En somme, c’est de la FOMO, mais version série.
C : De la quoi?
M : La fomo ou “Fear of missing out” en anglais. C’est le fait de craindre en permanence d’avoir loupé une info cruciale. On l’utilise parfois pour parler de ces gens qui se rendent à trois fêtes au cours de la même soirée et du coup qui ne profitent d’aucune. Et bien voilà, les fictions interactives, ça me fait le même effet. J’ai constamment l’impression d’avoir loupé un truc, je me sens pas bien, j’ai l’impression de perdre mon temps.
Le pire, c‘est que les choix de spectateurs n’influent pas sur l’issue de l’histoire: le meurtrier sera le même, quels que soient vos choix.
Ca me fait penser à une fiction française appelée WEI OR DIE.
Le concept était très alléchant: il y a eu un meurtre au cours d’un weekend d’intégration et vous pouvez revivre les dernières heures du point de vue de multiples caméras qui ont filmé la soirée. Mais quand j’ai commencé à y jouer, j’ai été prise d’une attaque de panique. Je voulais tout voir, je cliquais partout comme une forcenée, je revenais tout le temps en arrière. Bref, ça m’a pris 15 heures et j’en suis sortie en ayant perdu 5 ans d’espérance de vie.
C : Bon, mais vu que l’appli est inédite chez nous, les Français vont échapper à la crise cardiaque, non?
M : Oui, mais le problème c’est que la série pâtit de ce fonctionnement. Comme les scènes sont plus “fractionnées”, pour pouvoir fonctionner de manière indépendantes, on sent parfois que le montage est un peu haché, voire tronqué. Certaines scènes ressemblent plus à des saynettes, elles sont coupées de manière abrupte et ne sont pas très bien reliées entre elles.

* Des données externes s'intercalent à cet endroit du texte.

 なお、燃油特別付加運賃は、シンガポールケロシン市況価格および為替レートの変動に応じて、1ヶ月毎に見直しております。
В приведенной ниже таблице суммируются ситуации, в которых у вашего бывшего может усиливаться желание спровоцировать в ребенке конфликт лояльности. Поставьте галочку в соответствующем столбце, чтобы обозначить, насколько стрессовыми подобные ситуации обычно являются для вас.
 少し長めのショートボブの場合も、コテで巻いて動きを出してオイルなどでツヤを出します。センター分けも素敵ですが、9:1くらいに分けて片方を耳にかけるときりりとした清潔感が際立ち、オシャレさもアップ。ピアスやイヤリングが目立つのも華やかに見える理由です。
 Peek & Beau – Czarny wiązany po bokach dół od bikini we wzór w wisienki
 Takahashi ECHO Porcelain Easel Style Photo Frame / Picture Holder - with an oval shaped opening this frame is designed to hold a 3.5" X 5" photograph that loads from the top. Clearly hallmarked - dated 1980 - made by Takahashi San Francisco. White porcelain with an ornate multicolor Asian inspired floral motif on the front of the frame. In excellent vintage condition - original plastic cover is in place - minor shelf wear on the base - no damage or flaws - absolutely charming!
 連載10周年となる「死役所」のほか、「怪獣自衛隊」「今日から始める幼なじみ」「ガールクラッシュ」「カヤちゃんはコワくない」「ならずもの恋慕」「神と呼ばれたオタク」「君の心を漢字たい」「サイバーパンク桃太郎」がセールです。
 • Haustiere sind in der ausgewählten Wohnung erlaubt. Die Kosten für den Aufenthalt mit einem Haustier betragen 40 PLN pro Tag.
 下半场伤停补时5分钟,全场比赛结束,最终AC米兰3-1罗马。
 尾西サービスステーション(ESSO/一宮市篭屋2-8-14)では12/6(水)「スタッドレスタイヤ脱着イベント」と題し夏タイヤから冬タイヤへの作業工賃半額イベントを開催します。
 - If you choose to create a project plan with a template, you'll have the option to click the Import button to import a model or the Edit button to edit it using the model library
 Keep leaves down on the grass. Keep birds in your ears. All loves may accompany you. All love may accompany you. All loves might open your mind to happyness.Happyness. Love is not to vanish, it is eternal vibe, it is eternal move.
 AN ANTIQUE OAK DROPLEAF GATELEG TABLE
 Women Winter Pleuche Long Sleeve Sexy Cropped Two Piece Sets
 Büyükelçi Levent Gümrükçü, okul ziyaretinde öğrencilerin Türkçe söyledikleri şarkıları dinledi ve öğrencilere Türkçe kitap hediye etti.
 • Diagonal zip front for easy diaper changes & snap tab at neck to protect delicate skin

En résumé, Mosaïc aurait gagné en puissance en n’ayant pas ce côté “gadget”.
Et le pire, Corentin, tu veux savoir le pire. C’est que Sodherberg a déjà deux autres productions interactives de commandées en stock pour HBO … Alors je l’annonce déjà car je ne veux pas mourir à 35 ans: ce sera sans moi.
C : Merci Marie pour cette mise en garde, vous pourrez en tout cas suivre la mini-série Mosaïc sur OCS en diffusion H+24, à raison d’un épisode par soir à partir du 23 janvier.
« Mosaic » : la série dont vous n’êtes pas le héros
Sur le papier, la série interactive « Mosaic » réalisée par Steven Soderbergh semblait être une bonne idée. Malheureusement, Marie Turcan de « Business Insider France » l’a expérimentée et le moins qu’on puisse dire, c’est qu’elle a pas mal déchanté.